┌─ Supplied information

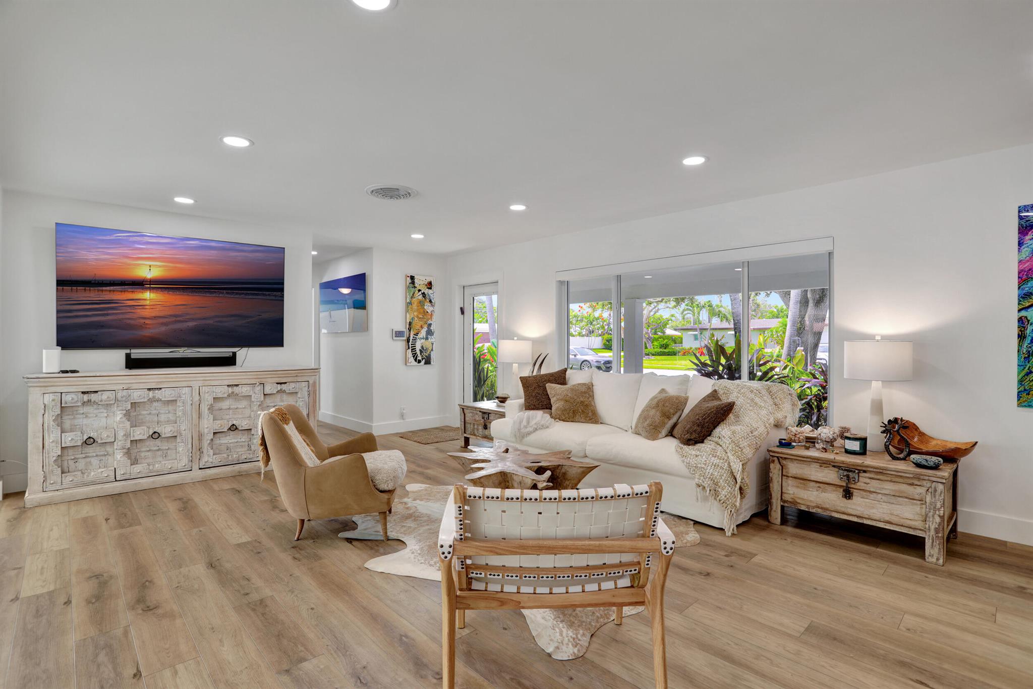 MOTIVATED SELLER! NO HOA. Beautifully remodeled home tucked away in Royal Oak Hills East Boca. ! As you walk in this exquisite home, the first reaction is that you feel you're on vacation in St Barths. This 3 bedroom and 2 full bathrooms will take your breath away when you enter the home. This house features: Open Floor Plan,Split floor plan, remodeled Gourmet Kitchen with spacious kitchen island and quartz countertops, brand new wine cooler in kitchen and Washer/dryer 2023. New Garage Epoxy Floors. Impact doors and windows throughout, Large plank luxury vinyl floors, New Custom Shades throughout. Outdoors feature: Outdoor and Indoor of home repainted. Extensive outdoor covered patio sitting area overlooking the pool and landscaping -plenty of room for a party of 50! Roof 8 years old.
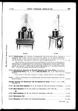 In 1907 the system was able to communicate between Lyngby and Newcastle with a 100-foot (30m) mast.[11] In 1908 Poulsen telephoned 145 miles (230 km) without wires from Ejerg to Lyngby in Denmark, using only 3 kilowatts, and in 1910 telephoned 295 miles (475 km) from Los Angeles to San Francisco in the United States, using 12 kilowatts. Music played in the Poulsen station in Berlin was received 215 miles (345 km) away at Copenhagen.[12]
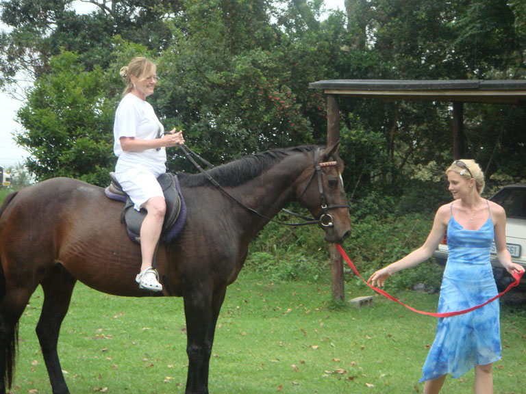 Kim- the 2nd day, I must say,when I got off, I thought I was going to walk around in a rather strange way, but I was fine. I can see what good excercise it is for your butt, legs and tummy thou. Sandy, in Cape Town, rides a horse, whose owner has had a baby so she shares in with the costs and gets to ride the horse every day. Charlie lives far to far from her, about 1000 miles, maybe in the near future Dale and her can get a small place in Cape Town and she could bring Charlie with her. Charlie has been her horse for the past 17 years, and she says as a little girl she would curl up with him and sleep with him.
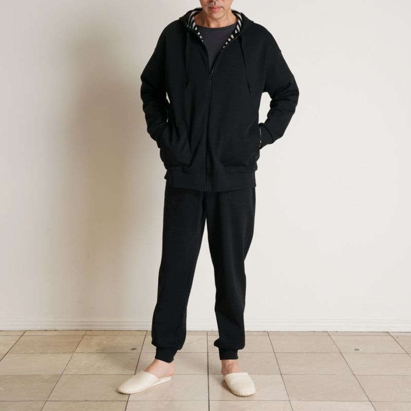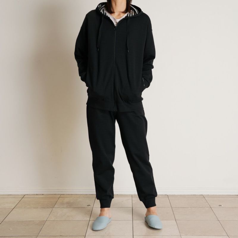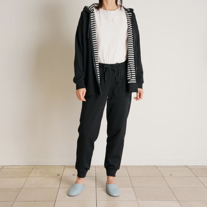 肌にあたる部分はコットンの新素材のダンボールニットシリーズ。二枚の生地を中糸で繋いだ二層構造にし中空構造のため見た目よりも軽く、適度なハリ感と着心地の良さが特徴です。ベーシックで着まわしやすいデザインとブラックとグレーのどんなアイテムともあわせやすい色展開。
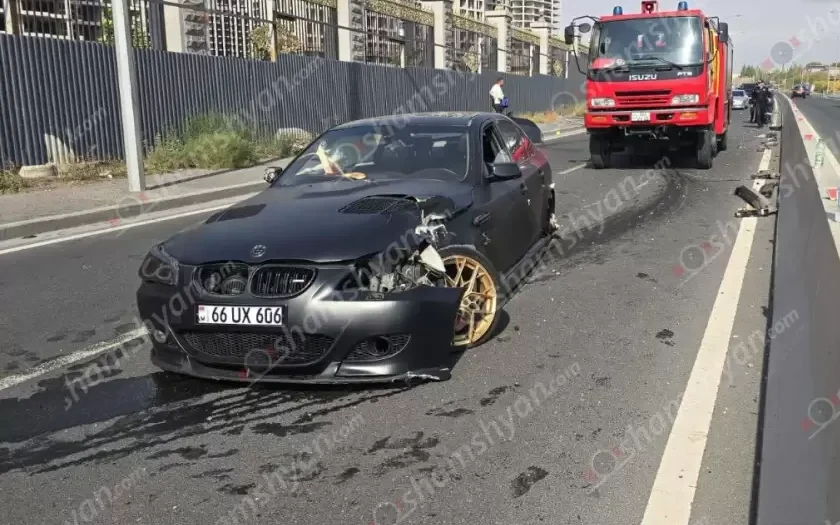 Каскадерская автокатастрофа в Ереване. «БМВ» сломал 2 опоры электропередач и оказался посреди дороги
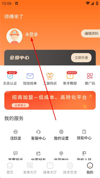 1、打開(kāi)師傅來(lái)了,點(diǎn)擊底部導(dǎo)航欄最右側(cè)我的選項(xiàng)。
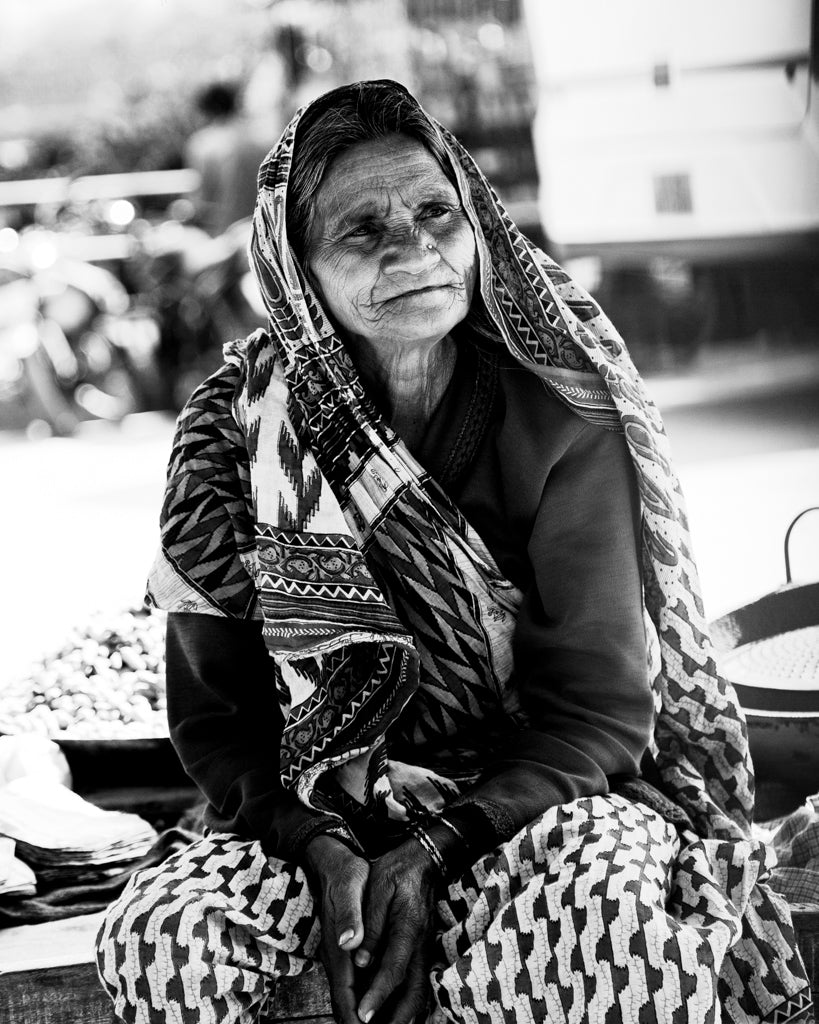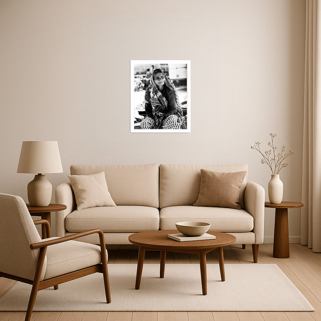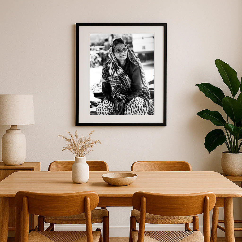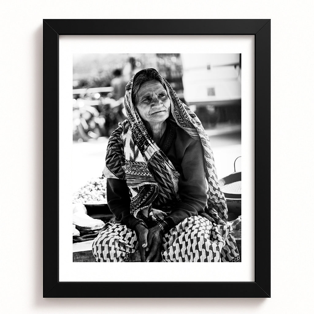 Wrapped in a tapestry of tradition, the woman’s gentle expression reveals a life woven with resilience and quiet strength. Each line upon her face echoes countless stories, her attire alive with intricate patterns that connect heritage to the present moment. Under the sunlit bustle of her surroundings, she radiates calm dignity, her hands—resting with humble poise—bearing the eloquence of years endured and joys embraced. This portrait immortalizes the beauty and grace that bloom in the folds of age, inviting admiration for the generations of wisdom encapsulated in her serene gaze.
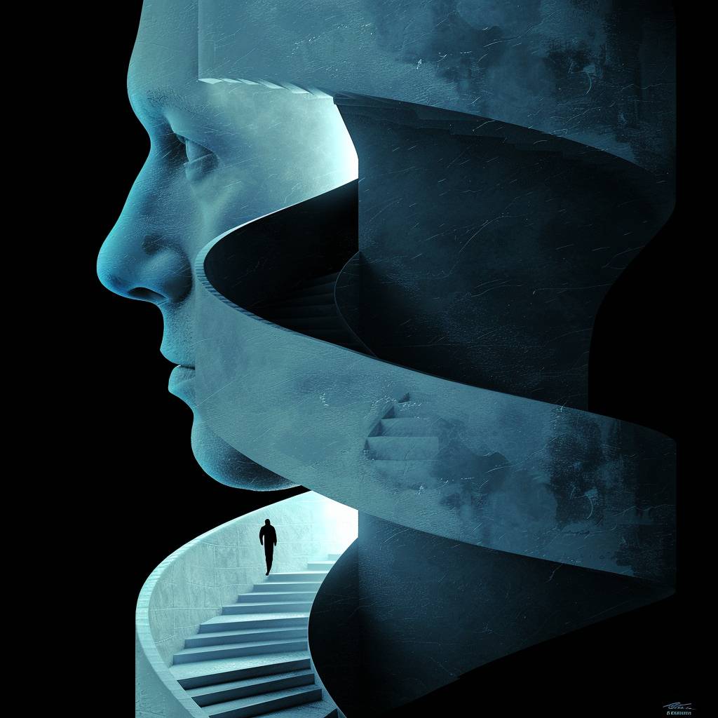 创作一幅数字艺术作品,描绘一位老人的头部雕塑轮廓,头颅打开,内部显露出楼梯。一个孤独的人物正在楼梯上爬升,象征着个人成长。整个场景设在一个纯黑的背景下,设计元素简约。用蓝白渐变的光照明,以营造超现实效果。确保艺术作品清晰聚焦,氛围超现实、空灵。
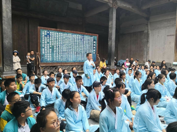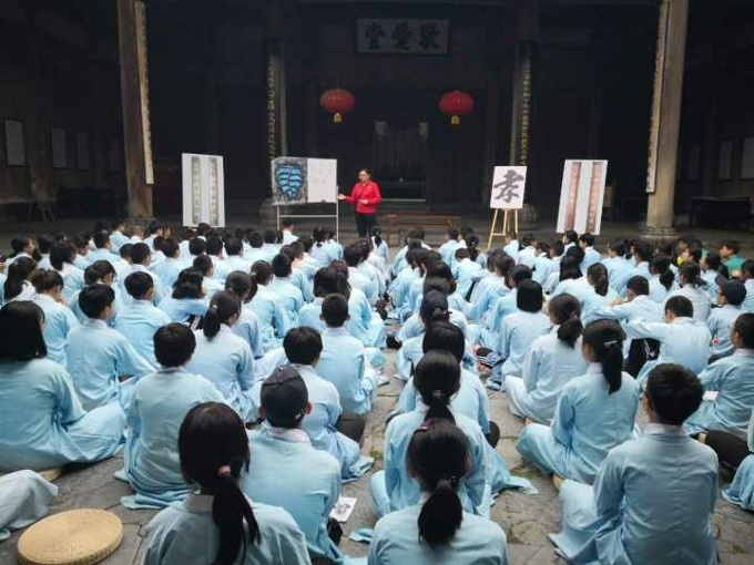 接着我们又来到了“敬爱堂”,大家全部换上了古代的汉服,盘腿坐下听老师讲课。在这节课中,我了解到了敬爱堂中的一大“孝”字,上侧右部是一个仰面拱手作揖、跪地孝敬长辈的读书生,而左侧是尖嘴猴子的脸。能孝敬长辈则为争气儿孙,反之就是返祖,退化为猴子。充分体现了“敬老尊老”、“兄弟互爱”的中华美德。这里有一句俗话叫做:“孩子不读书,好比养了一头猪;三代不读书,好比养了一群猪”。从这一句话可以看出徽州重视学业的程度之深。

└─

**Work item**. With the pictures left out, copy exactly the lines above from the line containing "创作一幅数字艺术作品,描绘一" through the last line of the entries.

**Solution below**.
 创作一幅数字艺术作品,描绘一位老人的头部雕塑轮廓,头颅打开,内部显露出楼梯。一个孤独的人物正在楼梯上爬升,象征着个人成长。整个场景设在一个纯黑的背景下,设计元素简约。用蓝白渐变的光照明,以营造超现实效果。确保艺术作品清晰聚焦,氛围超现实、空灵。
 接着我们又来到了“敬爱堂”,大家全部换上了古代的汉服,盘腿坐下听老师讲课。在这节课中,我了解到了敬爱堂中的一大“孝”字,上侧右部是一个仰面拱手作揖、跪地孝敬长辈的读书生,而左侧是尖嘴猴子的脸。能孝敬长辈则为争气儿孙,反之就是返祖,退化为猴子。充分体现了“敬老尊老”、“兄弟互爱”的中华美德。这里有一句俗话叫做:“孩子不读书,好比养了一头猪;三代不读书,好比养了一群猪”。从这一句话可以看出徽州重视学业的程度之深。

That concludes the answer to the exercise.